10... 9... 8... 7... 6... 5... 4... 3... 2...
"One!" an anonymous voice shouted. We looked towards the front door. It was Mickey Mouse, and he had the head of Goofy hanging from a hemp rope from the ceiling. He had already locked the door, and there was no way out because this was a crack house that had no windows. In his other hand, a black barbed dildo, long enough to make Megatron call him Daddy, stained with blood on all of the barbs. "It's playtime, everyone!"

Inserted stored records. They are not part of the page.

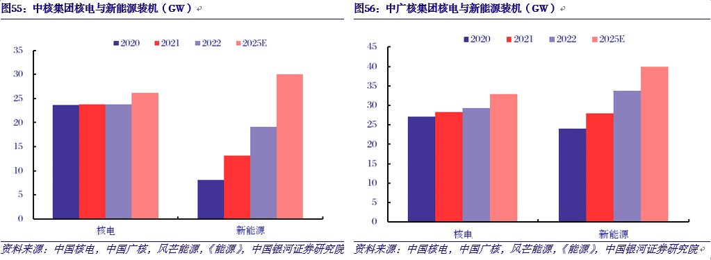 中核、中广核集团依托核电优势发展新能源,打开第二成长空间。中核、中广核集团依托核电厂址土地、核工业产业等优势,大力发展新能源,推动集团绿色低碳转型。根据规划,中核集团、中广核集团2025年新能源装机将分别达到30GW、40GW;2022-2025年间,中核集团、中广核集团新能源年均新增装机将分别达到3.6GW、2.1GW。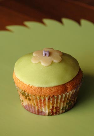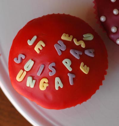 Le cupcake texte réalisé par Anne avec du fondant coloré.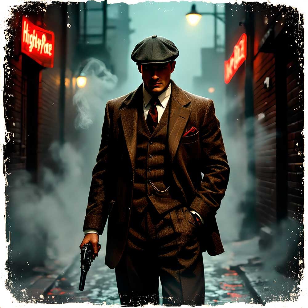 Dunkle Eleganz der 20er & 30er: scharfe Anzüge, Schiebermützen und rauer Noir-Charme. Vintage-Stil trifft Dramatik und zeitlosen Rebellionsgeist – perfekt für alle, die ein Statement setzen wollen.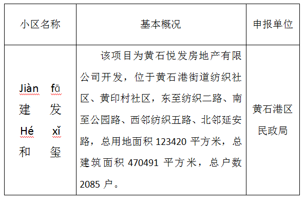 根据国务院《地名管理条例》、民政部《地名管理条例实施细则》和《黄石市地名管理实施细则》等有关规定,为切实做好黄石市地名工作,经审核,现将“建发和玺”地名予以公示,敬请广大市民提出宝贵意见和建议。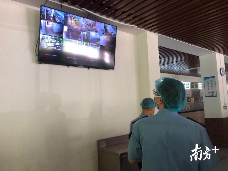 【江门 培英高中考场】#高考食品安全#检查人员在培英高中通过明厨亮灶工程查看后厨。(记者/摄影:张泳渝)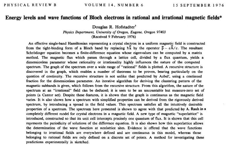 Theorem 2 (Ten Martini Problem 1981-2006) The set \(\sigma_\omega\) is a Cantor set if \(\omega\) is irrational: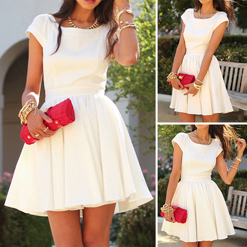 Solid color style,outfitted with short sleeves,round neckline and high waist design. Plus,its

Well, fuck. This was the killer, wasn't it? He ran at us. Most of us were pussies and ran away. Now, I'm no pussy, but I ran away anyway. But Mickey was fast. He caught up to every target he wanted to kill and shoved his dildo right up whatever hole was open, killing them instantly. I was faster, mainly because I'm an alien and nobody's as fast as I am. I managed to reach the room where the drugs were made with Isaac and slammed the door shut and locked it. We barricaded it with the lab table, which had meth ingredients on it. We didn't let anybody else in because we're selfish fucks and kinda like being alive.
"Any ideas, space man?" I said teasingly to Isaac.

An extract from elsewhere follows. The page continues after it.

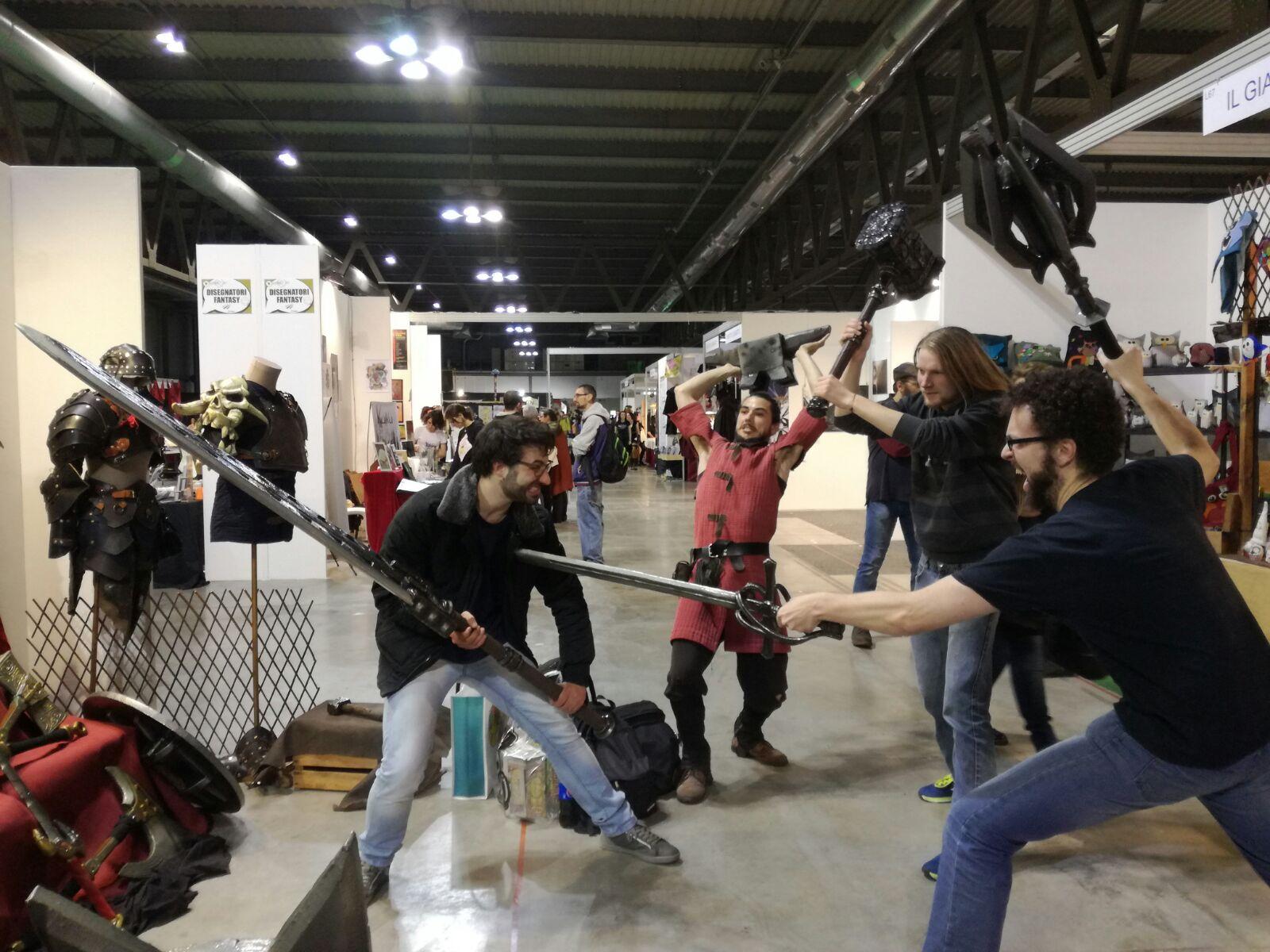 Pubblicato 11 Marzo 20178 anni comment_1319660 Ciao a tutti! Approfitto del forum per far conoscere agli utenti l'attività di un simpaticissimo ragazzo che ho conosciuto al Cartoomics di Milano di quest'anno. Si tratta di Michele Ruggiu, un "fabbro" che realizza armi, scudi, armature e oggettistica varia in lattice, principalmente per gdr dal vivo o cosplay. Ho avuto modo di constatare la qualità del suo lavoro, che mi è sembrata molto buona. Le armi sono piacevoli da maneggiare e hanno un design decisamente accattivante. Michele è stato molto disponibile a scambiare due chiacchiere, farci provare i suoi prodotti e a farci anche fare alcune foto. Ne riporto qua sotto una, per farvi vedere il suo operato: In foto potete vedere il sottoscritto con un tradizionale abbinamento stocco+mazza pesante, il temibile @Pich23 con spadone a due mani, un amico comune con il maglio e Michele Ruggiu con un'arma improvvisata (mancherà infatti il bersaglio a causa della penalità al TxC). Se qualcuno fosse interessato, riporto alcuni suoi contatti: Michele Ruggiu via Ugo Foscolo 11 25020 Flero (BS) info@tierlab.com 0307689082http://tierlab.com/ Modificato 11 Marzo 20178 anni da ilmena

"Matter'a factly, I do!" he returned with, bravely. "So you know Minecraft?"
I didn't respond, but I did nod in acknowledgement.
"Punch the walls 'till they break and we can do MLG parkour the fuck outta here, Assassin's Creed style."

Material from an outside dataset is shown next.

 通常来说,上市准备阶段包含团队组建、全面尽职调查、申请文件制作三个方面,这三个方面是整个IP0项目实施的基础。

"I do hope you realise how retarded of an idea this is, man."
But Isaac didn't reply. He just started punching the walls. I rolled my eyes as I heard something fall behind me. It was Gordon Freeman. He had his crowbar, as he usually does.
"First of all, where the hell did you come from?" I knew he wasn't going to reply, since he was a mute. I have no clue why I even bothered in the first place. "Nevermind. We're stuck here, and Mickey is about to kill us."
As if on cue, the door flew open, the barricades broke as if they were on some shitty physics engine, and Mickey stood there, red soaked with blood. Gordon stood his ground, and I decided to try something stupid.
"What's that you have there, Mickey?" I said, motioning towards his... interesting, weapon of choice.
His head twitched. I heard a crack in his neck. He looked down at his weapon, then back at me, smiling. "It's a surprise tool that will help us later!" he exclaimed. His head twitched multiple times. "Uh oh! I've gotta get back to the c-CLUB... house!" He sprinted out of the house, seemingly like he was being controlled to do so.
I have no clue how it worked, but I was pretty happy it did. I guess watching the news does pay off sometimes.

Shit I put here afterwards so the ending isn't lame


As it turns out, only Biggie Smalls, Gordon, Isaac, and I survived that massacre at the party. Mickey was later arrested and put into an insane asylum due to his mental state. Turns out, he was going crazy because Disney was paying more attention to the studios they bought than to him. He couldn't take it, and went on a killing spree. I have no explanation for the reason he used a barbed dildo, so use your imagination.
At the end of the day, the important people survived, and the New Years Killer is on the road to recovery. Maybe Disney will learn from this, maybe not. I mean, they bought out 21st Century Fox, so probably not. Let it be, I suppose.